How to Turn a Photo into Pixel Art
Pixel art used to mean placing squares one at a time in an editor. Now it means picking a photo and making two decisions — how big the pixels are, and what colors they're allowed to use. Here's how to make those decisions well.
Step 1: pick a photo that will survive pixelation
Pixel art is an exercise in subtraction — most of your photo's detail is going away. What survives is shape, contrast and color, so choose photos that are strong in those:
- One clear subject filling a good chunk of the frame — a face, a pet, a building, a plate of food.
- Contrast with the background — a corgi on green grass beats a corgi on a brown couch.
- Simple backgrounds win. Cluttered scenes become noise at 16px.
Step 2: choose your pixel size
In PixelPic, start a new project, add the photo, and pick from four sizes: Fine (4px), Classic (8px), Bold (16px) and Chunky (32px). Smaller blocks keep detail; bigger blocks give bolder style. Classic 8px is the safe default; our pixel-size guide matches each size to a use.
Step 3: choose a color style
Twelve options, in three families:
- AI Reimagine (default) — lets the AI pick a palette that suits the image. Best first run.
- Original — keeps your photo's own colors, just pixelated.
- The retro palettes — 8-Bit Classic, Retro Handheld, Home Computer, Retro Arcade, Retro OS, plus the artist palettes PICO-8, Endesga 32, Fantasy 24, SLSO8 and AAP-64. These constrain the art to a fixed color set, which is where the authentic game look comes from — the palette guide explains each one.

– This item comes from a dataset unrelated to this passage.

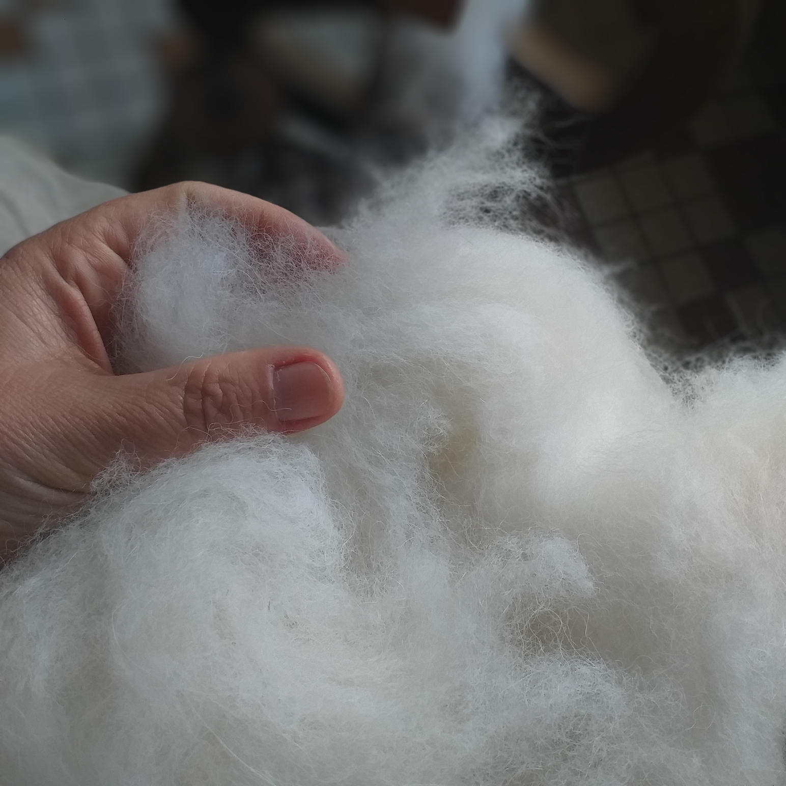 Afin d'obtenir un fil doux, vous veillerez à ôter de votre récolte toutes les impuretés : le maximum de poils, les petits brins d’herbes, les nœuds, etc. La douceur obtenue après le filage dépendra de la qualité du sous-poil récolté.

Step 4: pixelate, then iterate
Tap Pixelate and the AI redraws your photo in seconds — it even captions what it saw. Because the conversion is generative rather than a fixed filter, each run is a fresh take:
- Pixelate Again adds another version to the project — all of them are kept side by side with the original.
- Change one variable at a time. Same photo at 8px vs 16px, or PICO-8 vs Endesga 32, teaches you your taste fast.

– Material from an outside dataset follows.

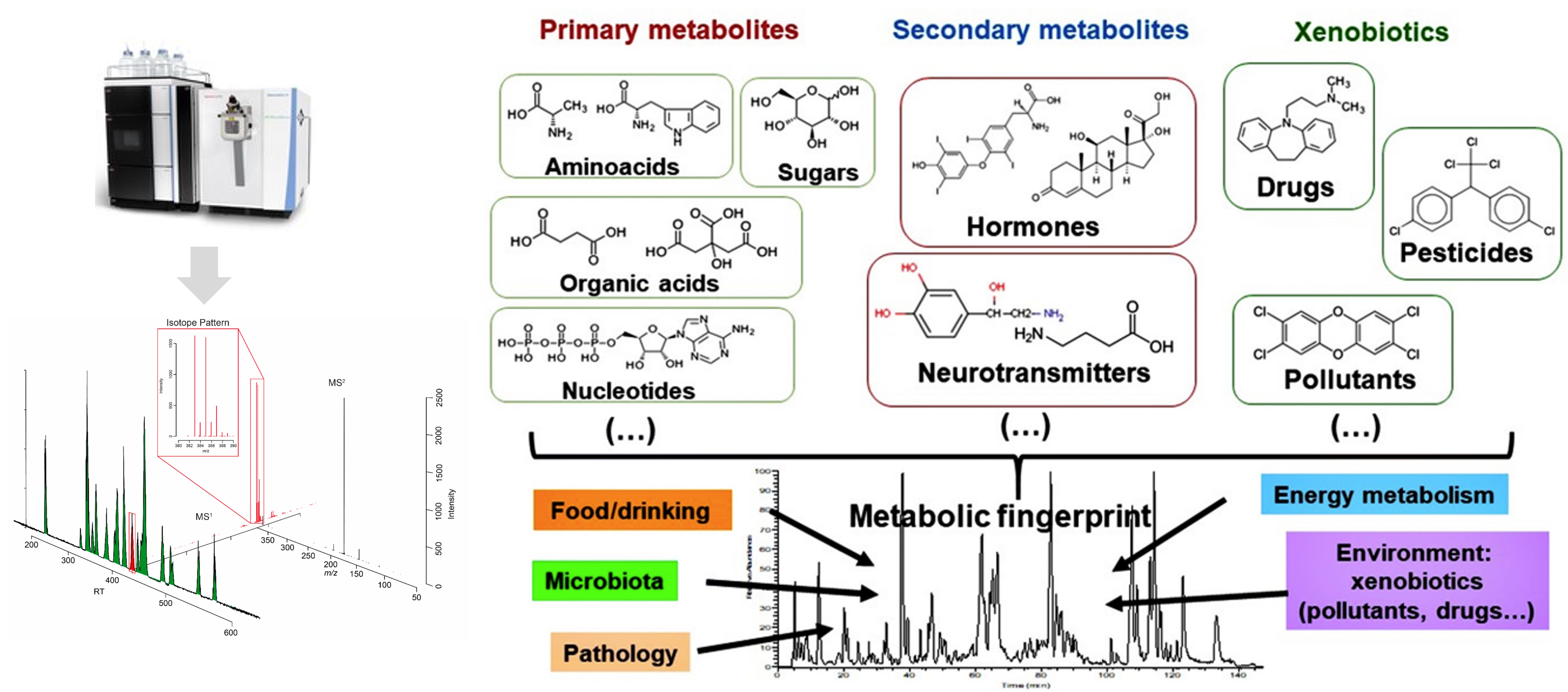 Figure 1: 대사체학 연구 개요 - 1차/2차 대사산물 및 이종생물질의 포괄적 분석

- Heart the keepers, delete the misses, and save the winner to Photos or share it straight from the app.
Privacy note: photos are processed securely and deleted after use, and your projects live on your device. No account needed.
Make your first pixel art with PixelPic
4 pixel sizes, 12 palettes, unlimited taste. Free to try on iPhone & iPad.
FAQ
What photos make the best pixel art?
Clear subjects, strong shapes, good contrast. Simple compositions survive pixelation; clutter doesn't.
Why does my result look different each time I pixelate?
It's AI-driven — each run redraws the image. Versions are kept so you pick the best take.
Do I need any drawing or art skills?
No. Choose a photo, a size and a palette; the AI does the drawing.